AIM OF THE TASK |
An exact copy of the data is required; the images should not appear in it.

DATASET EXCERPT |
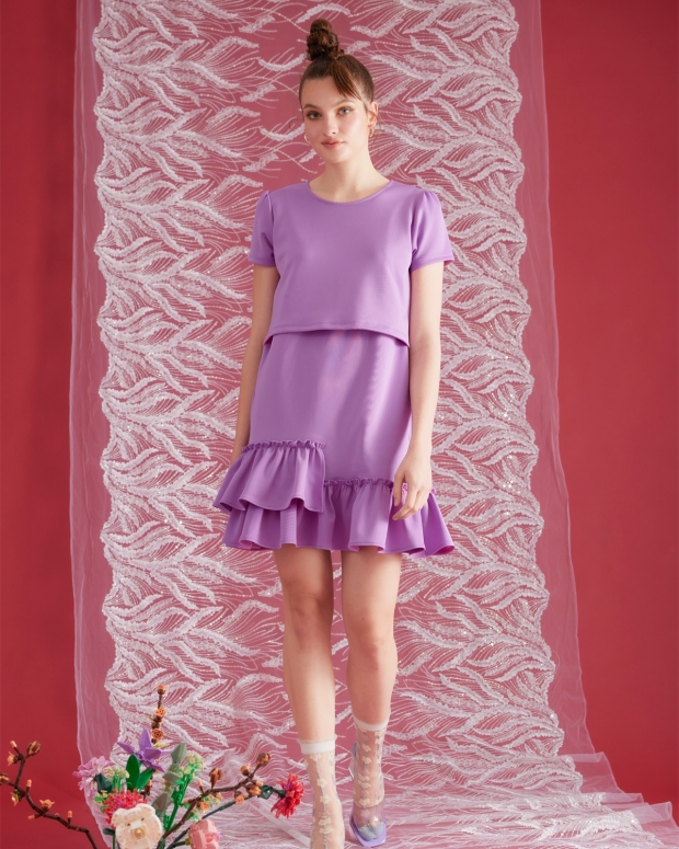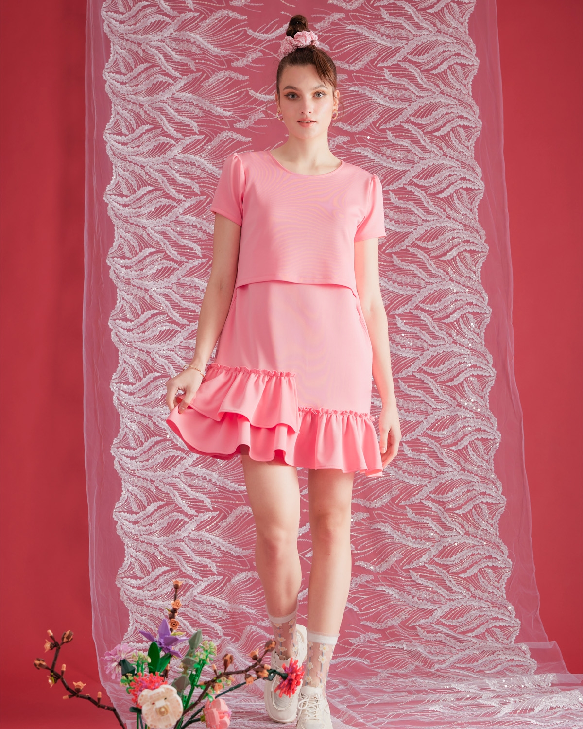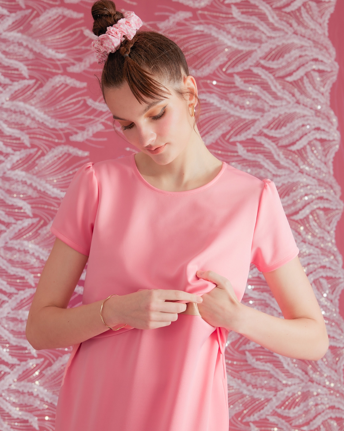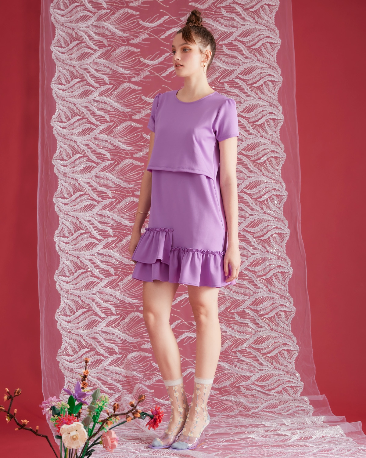 Short-sleeved maternity and nursing dress adorned with ruffle details at the hem of the skirt. The fabric is soft, ensuring comfortable wear. The dress allows for convenient nursing or pumping so that mothers feel ready to nurse in any situation.
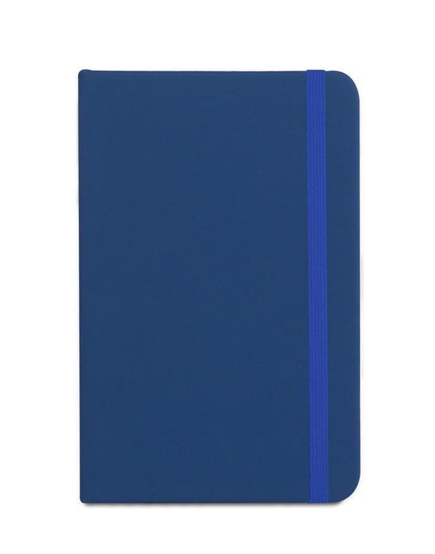 Gustowny notes A6 z kolorową gumką wykonany z materiału skóropodobnego (PU). Notes zawiera 80 kartek ecru w linie koloru pomarańczowego. Logo nadrukujemy na okładce.
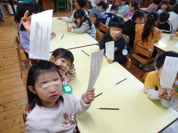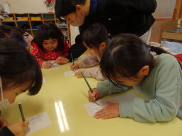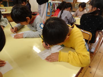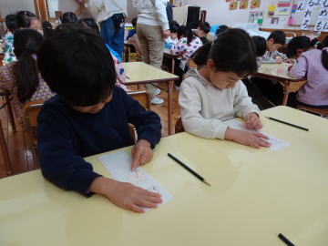 「ぼくのひらがなはこれだよ。」と選ぶ園児もいました。先生が「自分の名前を書いてみましょう。」とおっしゃいました。

SOLUTION TO THE EXERCISE |
 Short-sleeved maternity and nursing dress adorned with ruffle details at the hem of the skirt. The fabric is soft, ensuring comfortable wear. The dress allows for convenient nursing or pumping so that mothers feel ready to nurse in any situation.
 Gustowny notes A6 z kolorową gumką wykonany z materiału skóropodobnego (PU). Notes zawiera 80 kartek ecru w linie koloru pomarańczowego. Logo nadrukujemy na okładce.
 「ぼくのひらがなはこれだよ。」と選ぶ園児もいました。先生が「自分の名前を書いてみましょう。」とおっしゃいました。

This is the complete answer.